Answer:
We have the function, [tex]f(x)=(x+3)^{2}-4[/tex]
On simplifying, we get,
[tex]f(x)=x^2+6x+9-4[/tex]
i.e. [tex]f(x)=x^2+6x+5[/tex]
Thus, the standard form of the function is [tex]f(x)=x^2+6x+5[/tex].
Now, the factors of the given functions are (x+1) and (x+5).
Since, the intercept form of the function is the factored form of the function.
So, we have, intercept form of the function is [tex]f(x)=(x+1)(x+5)[/tex].
Now, we know that,
Value of x-coordinate of the vertex is [tex]\frac{-b}{2a}[/tex] i.e. [tex]\frac{-6}{2\times 1}[/tex] i.e. [tex]\frac{-6}{2}[/tex] i.e. x= -3
Then, [tex]f(-3)=(-3)^2+6\times (-3)+5[/tex] i.e. [tex]f(-3)=9-18+5[/tex] i.e. f(-3)=-4
So, the vertex of the function is (-3,-4).

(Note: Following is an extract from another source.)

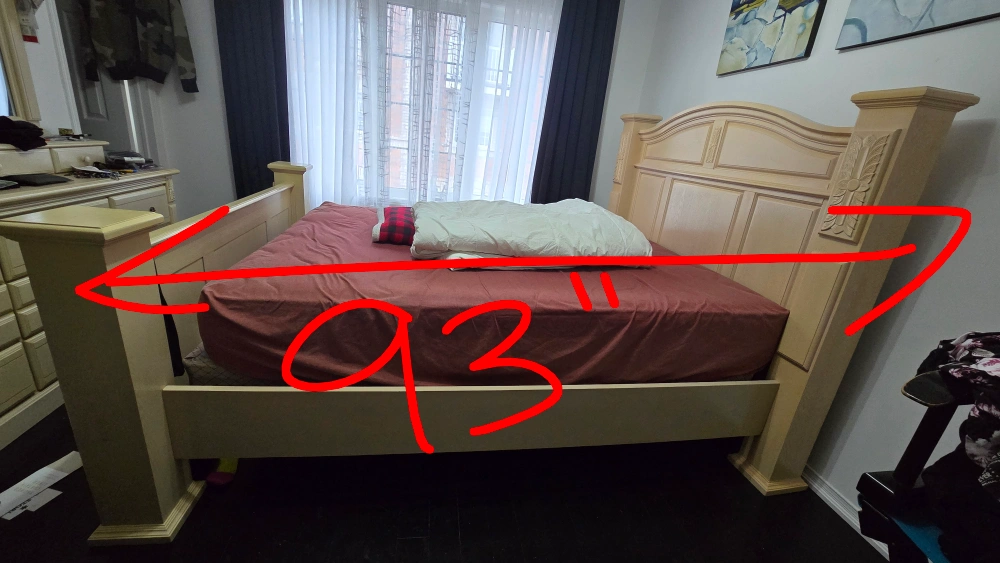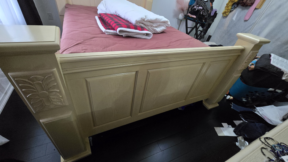 wood queen size bed frame. its big, uts bulky, so you better have space for it. great for a fix up project. in good condition.
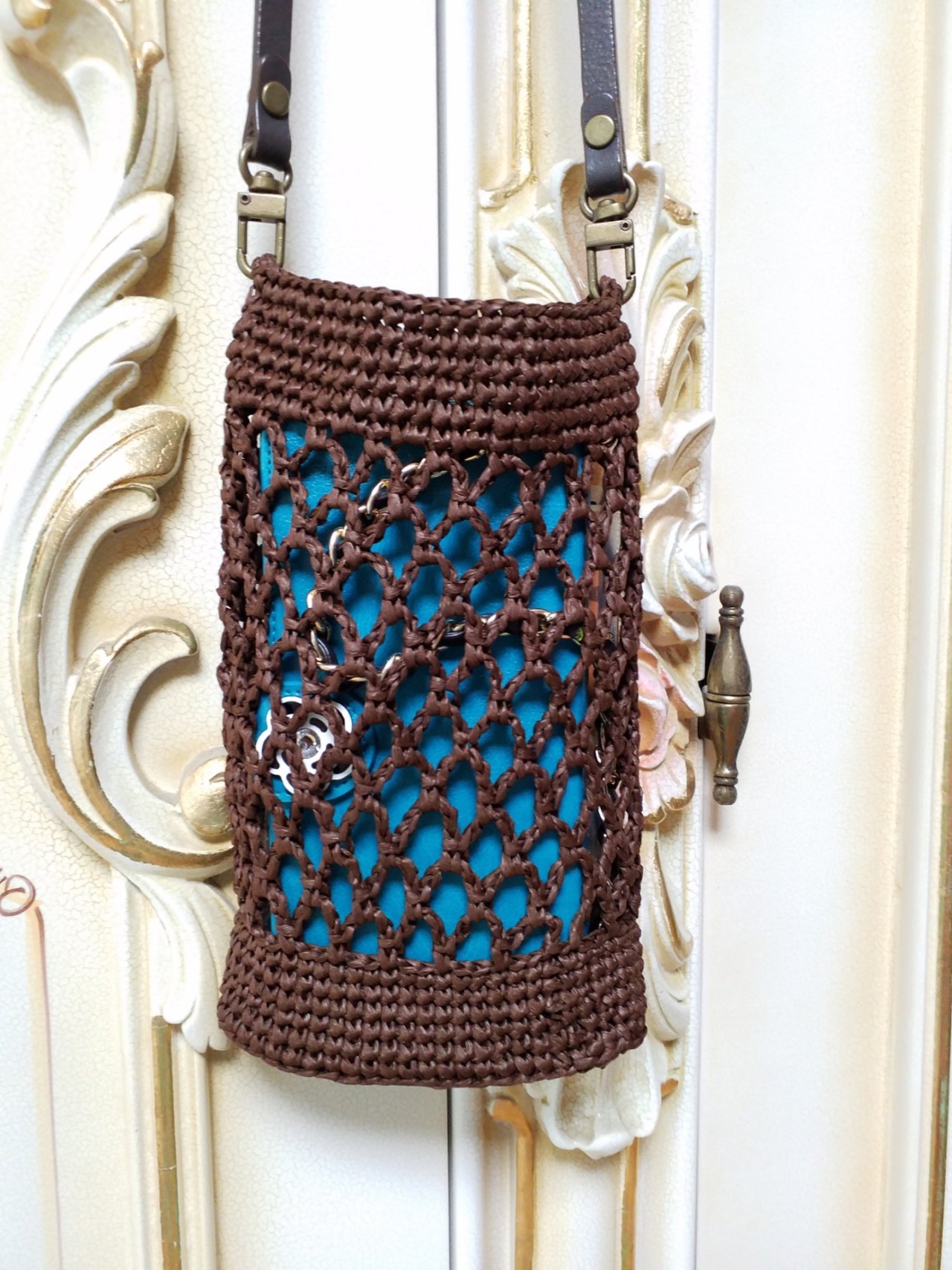큰 아이 가방뜨고 남은 실로 만든 스마트폰용 크로스백.

Further, we know that, 'the y-intercept of a function is the point where the function crosses y-axis'.
So, when x=0, we have, [tex]f(0)=0^2+6\times 0+5[/tex] i.e. f(0) = 5
Thus, the y-intercept is (0,5)
Also, 'the x-intercept of a function is the point where the function crossese x-axis'.
Then, for f(x)=0, we have [tex]0=x^2+6x+5[/tex] i.e. [tex]0=(x+1)(x+5)[/tex] i.e. x= -1 and x= -5
Thus, the x-intercept are (-1,0) and (-5,0).